How did you come to be so passionate about Neactain and Walsh’s stories as disabled men? “I replied to a job ad that had been placed by an organisation called The Centre for Independent Living, about which I knew nothing.

“I soon discovered that this was a disability rights organisation run by and for significantly physically disabled people.

“And this man Martin Neactain, a wheelchair user with muscular dystrophy came into the Royal Dublin hotel in his wheelchair pushed by his personal assistant.

“He had a cigarette sticking out of his mouth.

“He said, ‘Shake the thumb’.

“And the next week, I was basically running a conference on disability rights.

“He’d thrown me completely in the deep end.

“I suppose my perception of disability had been passive, dependent, and pity.

“I was introduced to a group of militant angry wheelchair users who wanted to change the world, and it blew my mind.

“I became very galvanised by their campaign to change the world around them and became effectively a lobbyist for a couple of years, an accidental lobbyist.

“It completely transformed my perception of disability and has had a big impact on my life since and, I guess, my career as a playwright.

“I’m working on another project called Unspeakable Conversations which is another disability rights story.

“So it’s had a big impact on my career.

“I suppose you find when something gets under your skin, that it’s hard to let go of it.

“What’s striking about the disability community is how little disabled people and the word disability is represented in stories in mainstream media, whether it’s theatre, film or television.

“And yet, it’s rich with stories.”

Christian’s play Chapatti was produced by Northlight Theatre in 2014 with the late John Mahoney, well known from his role as Frasier’s father, starring.

“That was just amazing,” Christian remembers.

“I had written this play Chapatti and it had been rejected everywhere, I’d nearly given up on it.

“John Mahoney had sort of regularly done plays during Galway International Arts Festival over the years and I’d started to think of him as being perfect for this particular part.

“He’s such an everyman and there’s such humanity to him but there’s also a real, almost a curmudgeonly, cranky quality which I felt was really necessary for this particular character.

“I got the notion to send the play to him when he was doing a play in the arts festival some years ago.

“I remember texting my wife, ‘Would I be mad?’

“And she replied, ‘What have you got to lose?’

“So I dropped a copy of the play to him into the town hall, I was friendly with the staff there and they said, ‘Yeah, we’ll get the play to him’.

“I wrote a cover note  and the cover note referenced the fact that he had seen The Good Father some years earlier, the Druid production, and really loved it.

“I hadn’t met him but I’d heard about it so I knew that would tell him I had some credibility as a playwright.

“I promptly forgot about it and then about two, three months later, I got an email on a Friday night from him saying he read the play.

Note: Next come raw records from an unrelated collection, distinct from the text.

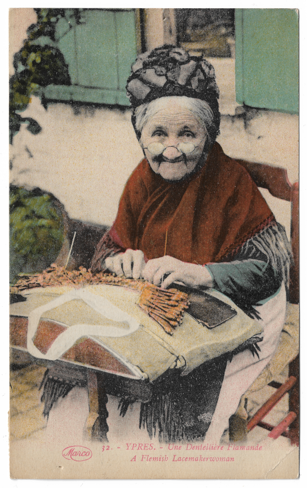 "Marco" postcard, sent from Brussels, Belgium to San Francisco, California in 1929, depicting a venerable "Flemish lacemakerwoman" (Hallaert Sœurs?), shawled, bespectacled, and wearing a most interesting hat. She looks incredibly crafty, with clever fingers. Just look at how many bobbins she has employed all at once...!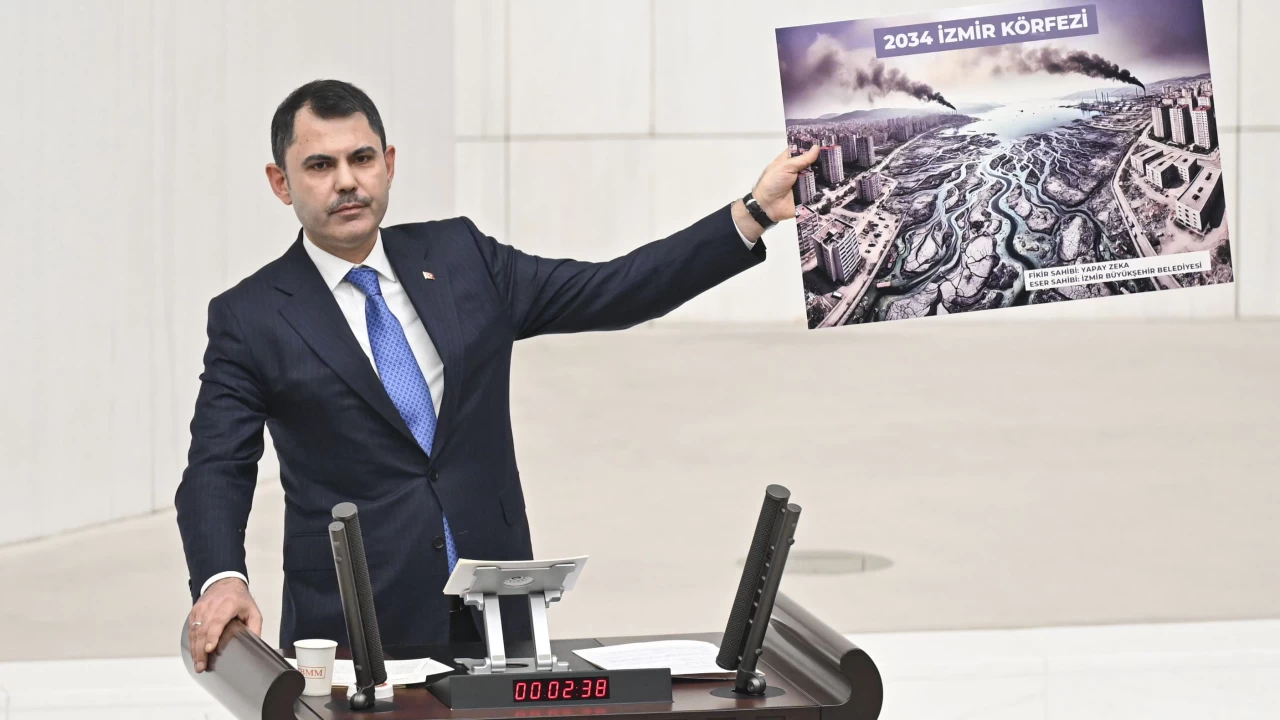 İzmir Körfezi'ne yönelik olarak Kurum, “Bakanlık olarak hemen bölgede incelemelerimizi tamamladık. İzmir Körfezi bilim kurulumuzu oluşturduk. 15 maddelik acil eylem planını ortaya koyduk. Plan Bütçe Komisyonu'nda körfezden geçirdiğimiz suyu gösterdiğimiz anda heyecan anları gördük. Orada su getirdiğimiz için maalesef vekillerimizin bu noktada ellerinin ayaklarını karıştığına şahitlik ettik. Ama sakin olun. Rahat olun. Bu sefer yanımda bir fotoğraf getirdim. 2034 yılına ait bir fotoğraf. İzmir Körfezi. Sayın Özgür Özel yapay zekayla adaylarımızı belirliyoruz. Biz de yapay zekanın belirlediği adayların yönettiği belediyeleri soralım dedik.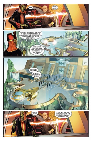 “Legend Found” brings to a conclusion the series main storyline begun in issue one. The series was originally scheduled to end with issue 25, but was continued based on its sales. The final storyline that follows is really an addendum to The Force Awakens and an epilogue to The Last Jedi. The search for Lor San Tekka, the conflict with Terex, they all come to an end here. It’s a fitting end. “Legend Found” starts off on a bit of a pessimistic note, with Leia bemoaning the complacency in the galaxy that has led to the threat of the First Order, Snap and Kare putting their relationship on hold, and Jess struggling to find an astromech willing to fly with her because she has gone through so many it has earned her the moniker “the great destroyer”. The story does not allow itself to become weighted down by all of this, however; and really takes off when the heist starts to go down. Soule and Unzueta plot the whole thing very cinematically, with the story alternating between the scam actually going down and flashbacks to Leia explaining the plan to the group. Leia gets some great time in the spotlight and really shines in this story. Her remarks about spending time with smugglers, schemers, and thieves; hearing their stories and seeing them operate is really nice. The references to Padme and other PT/CW era events is a great treat. Leia and the other legacy characters tie the Sequel Trilogy back to the Original Trilogy; but Lor San Tekka, even though he is a “new” character, feels like someone who ties all three trilogies together with his knowledge both of the Jedi & Sith in general and the Skywalker family in particular. It seems only fitting that this final storyline in the quest to locate him should pretty heavily callback the Prequel Era.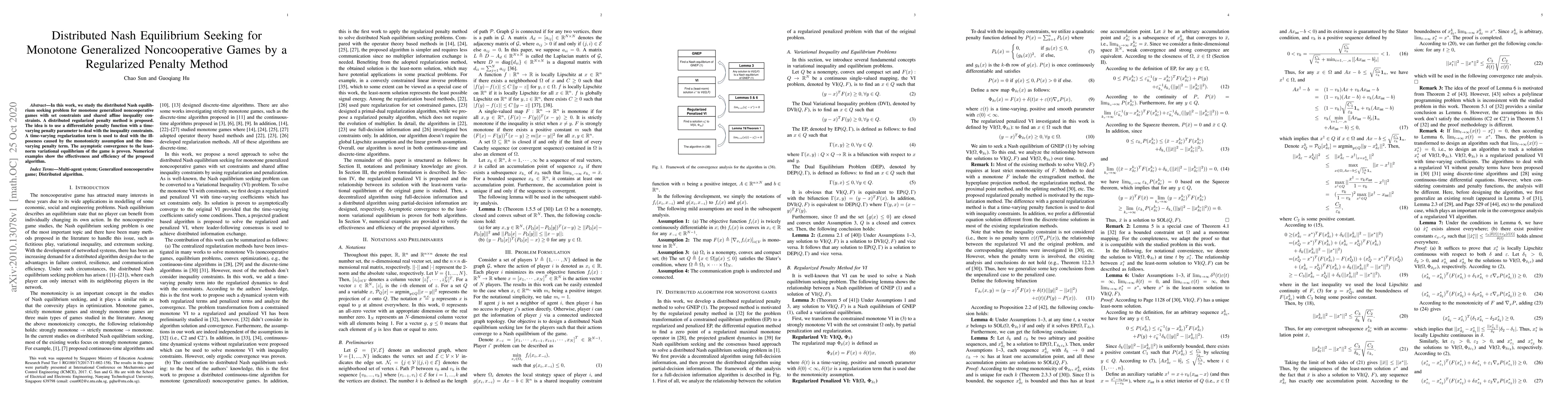 This research introduces a novel approach by combining a time-varying penalty method with a regularization term to address the challenges posed by monotonicity and inequality constraints in distributed Nash equilibrium seeking for generalized noncooperative games.

He loved it. He wanted to play the part and he’d recommended it to Northlight Theatre, which I was just blown away by.

“It was just so thrilling to encounter him, to work with him, to have him speak those words.

“He was a lovely man, gorgeous actor and for me an absolute career highlight.

“Because he wanted to do the play, the play happened.”

Christian can thank the battery of John Mahoney’s kindle for all his good fortune.

“I remember him telling it.

“He said, ‘Well, I was on the flight back to Chicago, I was reading my Kindle, it ran out of battery, I had nothing to read, long flight’.

“And he said, ‘I kind of looked left and right to make sure no one was looking. I reached into my bag, I took out a copy of Christian’s play knowing I kind of wasn’t meant to read it because it had come to me unsolicited’.

“And he said, ‘I read it twice on the flight and I knew I wanted to do it’.

“So I’ll always be grateful to his Kindle for running out of power, so that it led to him reading the play.

“It was very serendipitous and wonderful that he did.”

Murmuration Studios and Resonate Film & Theatre present The Good Father by Christian O’Reilly 13- 24 March at Riverside Studios, Hammersmith.